### TO DO
Pictures aside, repeat the whole listing word for word.
-- EXTRACTED RECORDS follows --
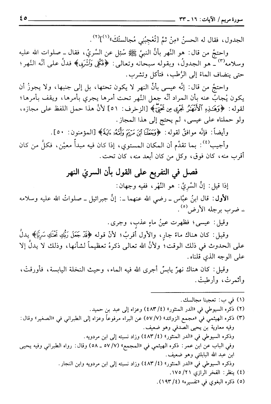 واحتجَّ من قال: هو النَّهر «بأنَّ النبيَّ صَلَّى اللَّهُ عَلَيْهِ وَسَلَّم َ سُئِلَ عن السَّريِّ، فقال - صلوات الله عليه وسلامه - هو الجدولُ» وبقوله سبحانه وتعالى: {فَكُلِي واشربي} فدلَّ على أنَّه على أنَّه النَّهر؛ حتى ينضاف الماءُ إلى الرُّطب، فتأكل وتشرب.
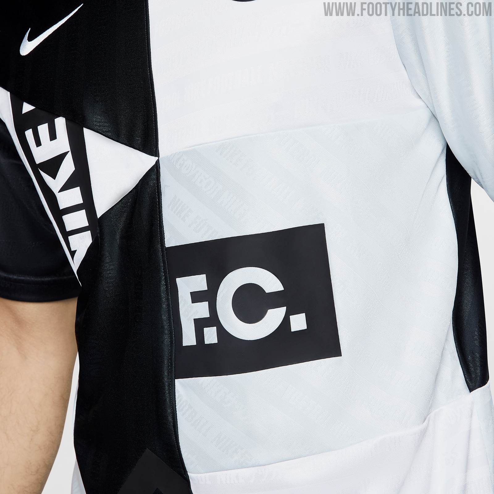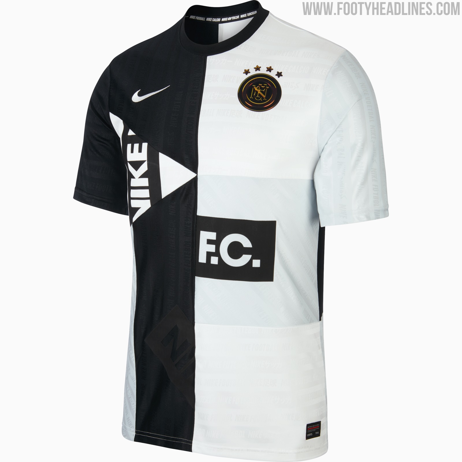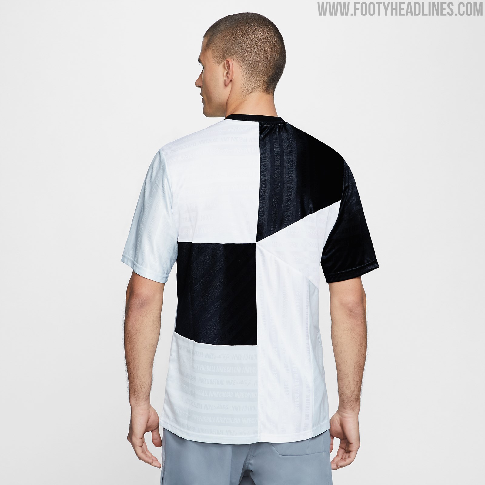 Das Trikot ist schwarz-weiß und hat ein geometrisches Design. Dies ist eine Template, die bereits für andere Nike F.C Trikots verwendet wurde, wie zum Beispiel für das Trikot von Inter Mailand. Der Schriftzug "Nike Soccer" ist dezent in verschiedenen Sprachen auf das Trikot gedruckt.
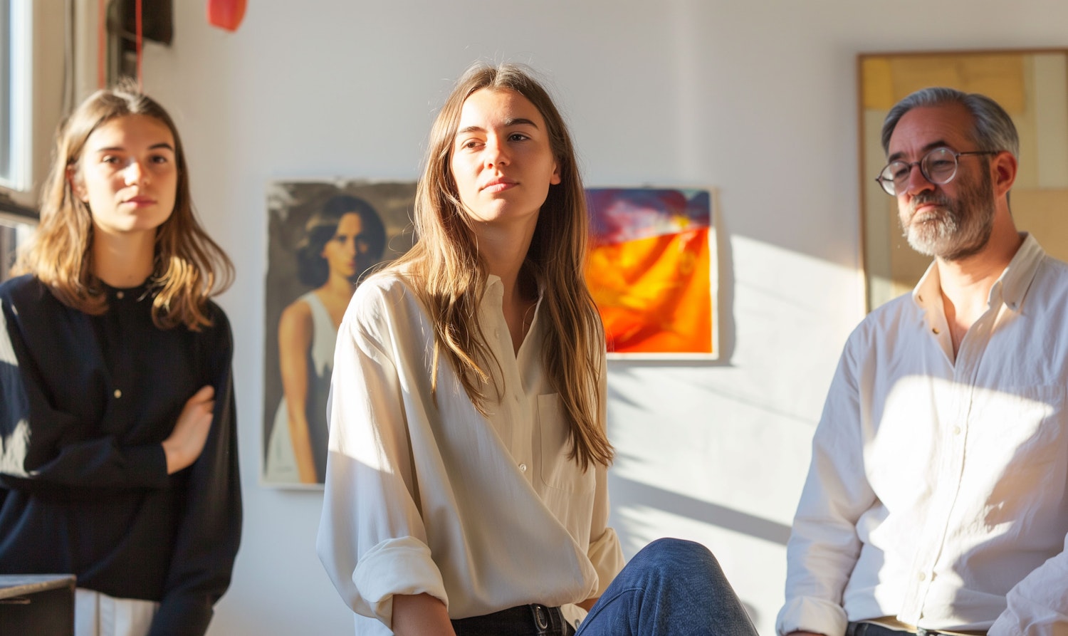 Three people in an art studio, with sunlight highlighting their thoughtful expressions and artistic surroundings.
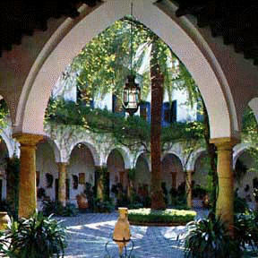 Ricas y numerosas columnas ostentábanse allí, orgullosas con sus capiteles y fustes alegremente ornados por el cincel de los artistas arábigo—españoles, que sabían, como nadie, multiplicar ingeniosamente las combinaciones de las figuras geométricas asociadas a hojas y flores de tulipán, de azucenas y de mil plantas diversas, en una armonía maravillosa y de indecible belleza.
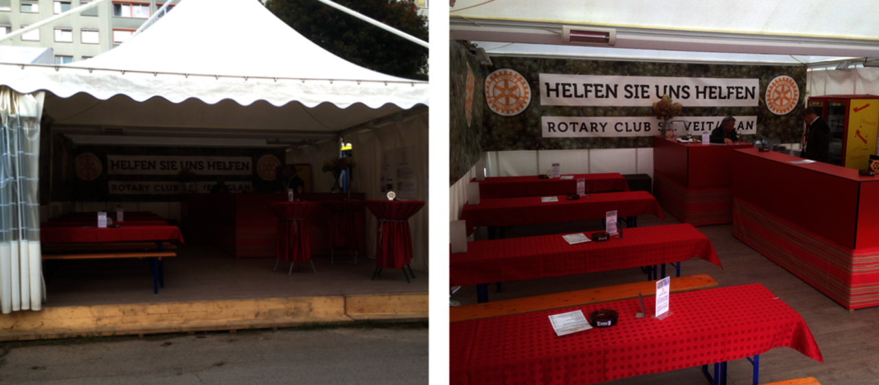 Essen und trinken für einen guten Zweck! Der Rotary Club St. Veit betreibt wie in den vergangenen Jahren am St. Veiter Wiesenmarkt einen Buffetstand gegenüber dem Autodrom Pötscher. In gemütlicher Atmosphäre werden vorwiegend regionale Produkte angeboten. Die Bedienung erfolgt durch die Clubmitglieder und ihre Familien.
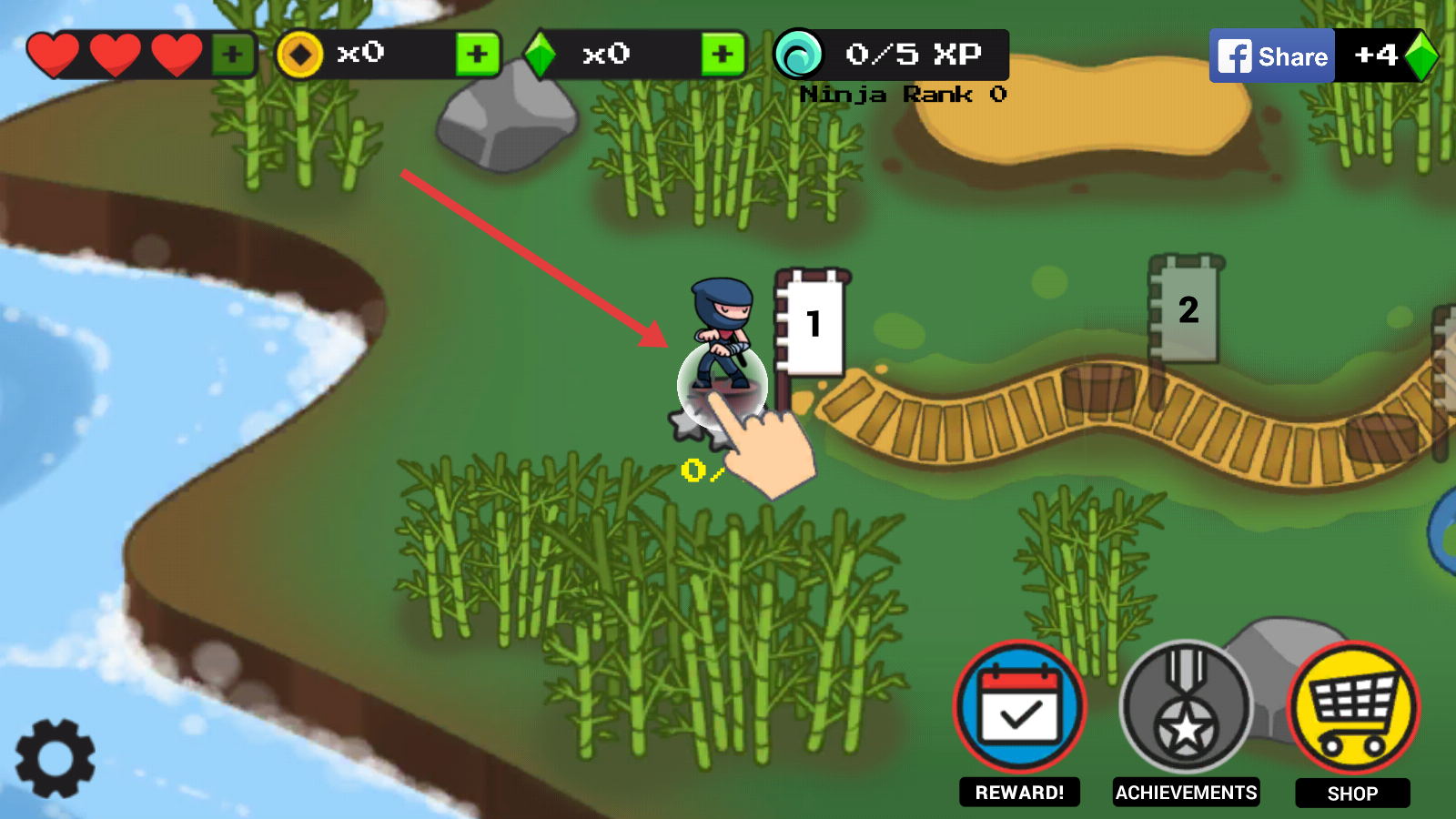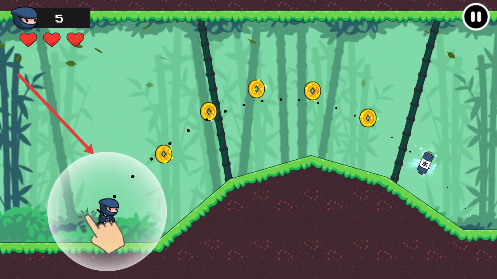 1、点击地图上标1的旗帜,进入竹林关卡,操控忍者角色,长按屏幕让忍者裹气泡滚动,收集金币。
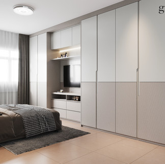 The overall design is perfect. When light and neutral tones with subtle wood-coloured flooring and slightly darker-coloured furniture are brought together, it gives the whole interior a statement look while keeping it serene and calm. This is accomplished by taking a minimalistic approach to the decoration of the space, that is keeping the decorations to a minimum and combined with a muted colour theme.
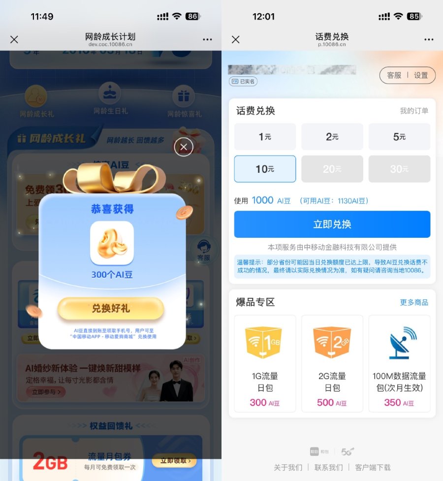 先领取大约100到500个AI豆,然后兑换成话费,若当日没有库存可等待次日再进行兑换。
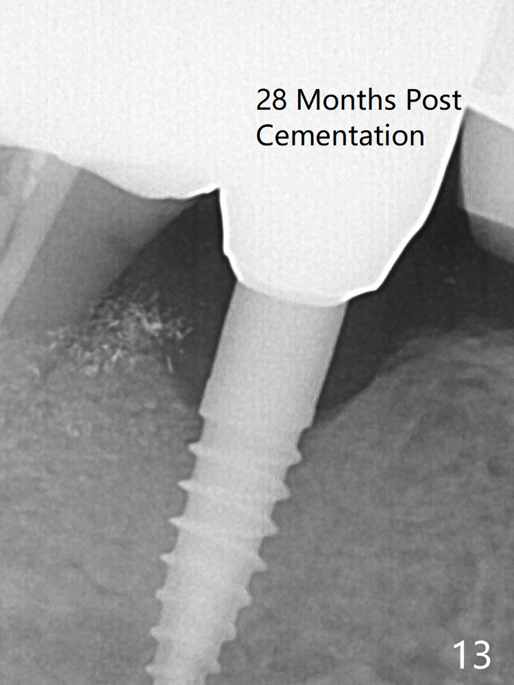 In fact the crown at #30 is redone because of loose proximal contact with #31; there is no bone resorption 13 months post cementation (Fig.11). Bone resorption remains unnoticeable 28 months post cementation (Fig.13). The crestal bone loss is observed 3 months postop (Fig.6 arrowheads), as related to ridge reduction (cortical bone). Since then, there has been no bone resorption.
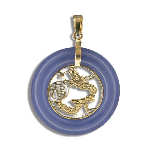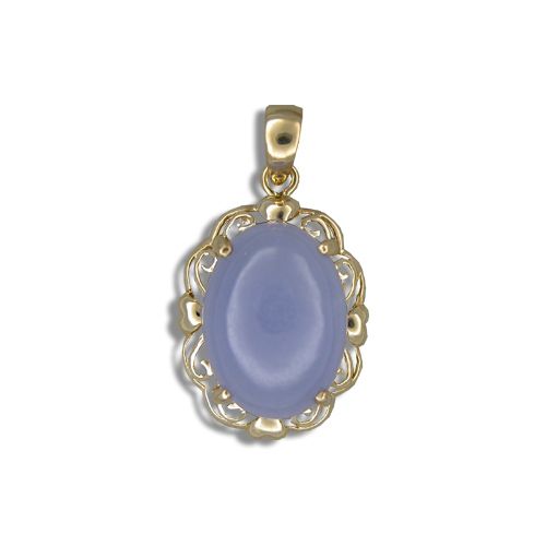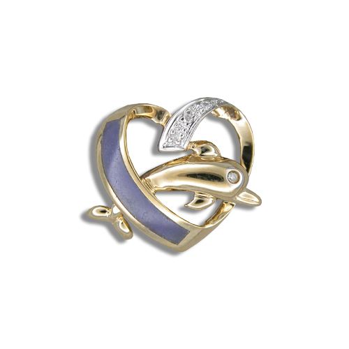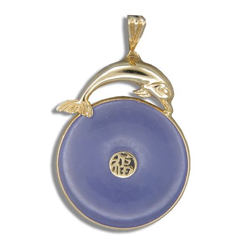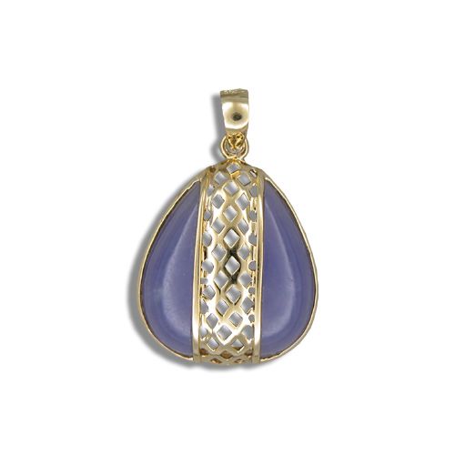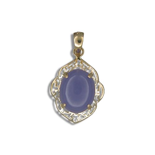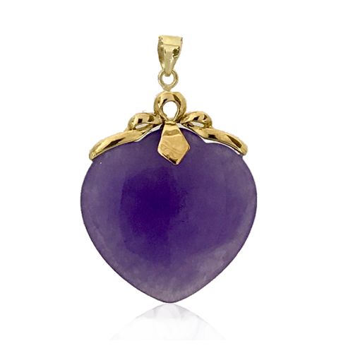 1. 14KT Yellow Gold Cut-In Hearts with Oval Shaped Purple Jade Pendant
-- EXTRACTED RECORDS concluded --
### YOUR SOLUTION
 واحتجَّ من قال: هو النَّهر «بأنَّ النبيَّ صَلَّى اللَّهُ عَلَيْهِ وَسَلَّم َ سُئِلَ عن السَّريِّ، فقال - صلوات الله عليه وسلامه - هو الجدولُ» وبقوله سبحانه وتعالى: {فَكُلِي واشربي} فدلَّ على أنَّه على أنَّه النَّهر؛ حتى ينضاف الماءُ إلى الرُّطب، فتأكل وتشرب.
 Das Trikot ist schwarz-weiß und hat ein geometrisches Design. Dies ist eine Template, die bereits für andere Nike F.C Trikots verwendet wurde, wie zum Beispiel für das Trikot von Inter Mailand. Der Schriftzug "Nike Soccer" ist dezent in verschiedenen Sprachen auf das Trikot gedruckt.
 Three people in an art studio, with sunlight highlighting their thoughtful expressions and artistic surroundings.
 Ricas y numerosas columnas ostentábanse allí, orgullosas con sus capiteles y fustes alegremente ornados por el cincel de los artistas arábigo—españoles, que sabían, como nadie, multiplicar ingeniosamente las combinaciones de las figuras geométricas asociadas a hojas y flores de tulipán, de azucenas y de mil plantas diversas, en una armonía maravillosa y de indecible belleza.
 Essen und trinken für einen guten Zweck! Der Rotary Club St. Veit betreibt wie in den vergangenen Jahren am St. Veiter Wiesenmarkt einen Buffetstand gegenüber dem Autodrom Pötscher. In gemütlicher Atmosphäre werden vorwiegend regionale Produkte angeboten. Die Bedienung erfolgt durch die Clubmitglieder und ihre Familien.
 1、点击地图上标1的旗帜,进入竹林关卡,操控忍者角色,长按屏幕让忍者裹气泡滚动,收集金币。
 The overall design is perfect. When light and neutral tones with subtle wood-coloured flooring and slightly darker-coloured furniture are brought together, it gives the whole interior a statement look while keeping it serene and calm. This is accomplished by taking a minimalistic approach to the decoration of the space, that is keeping the decorations to a minimum and combined with a muted colour theme.
 先领取大约100到500个AI豆,然后兑换成话费,若当日没有库存可等待次日再进行兑换。
 In fact the crown at #30 is redone because of loose proximal contact with #31; there is no bone resorption 13 months post cementation (Fig.11). Bone resorption remains unnoticeable 28 months post cementation (Fig.13). The crestal bone loss is observed 3 months postop (Fig.6 arrowheads), as related to ridge reduction (cortical bone). Since then, there has been no bone resorption.
 1. 14KT Yellow Gold Cut-In Hearts with Oval Shaped Purple Jade Pendant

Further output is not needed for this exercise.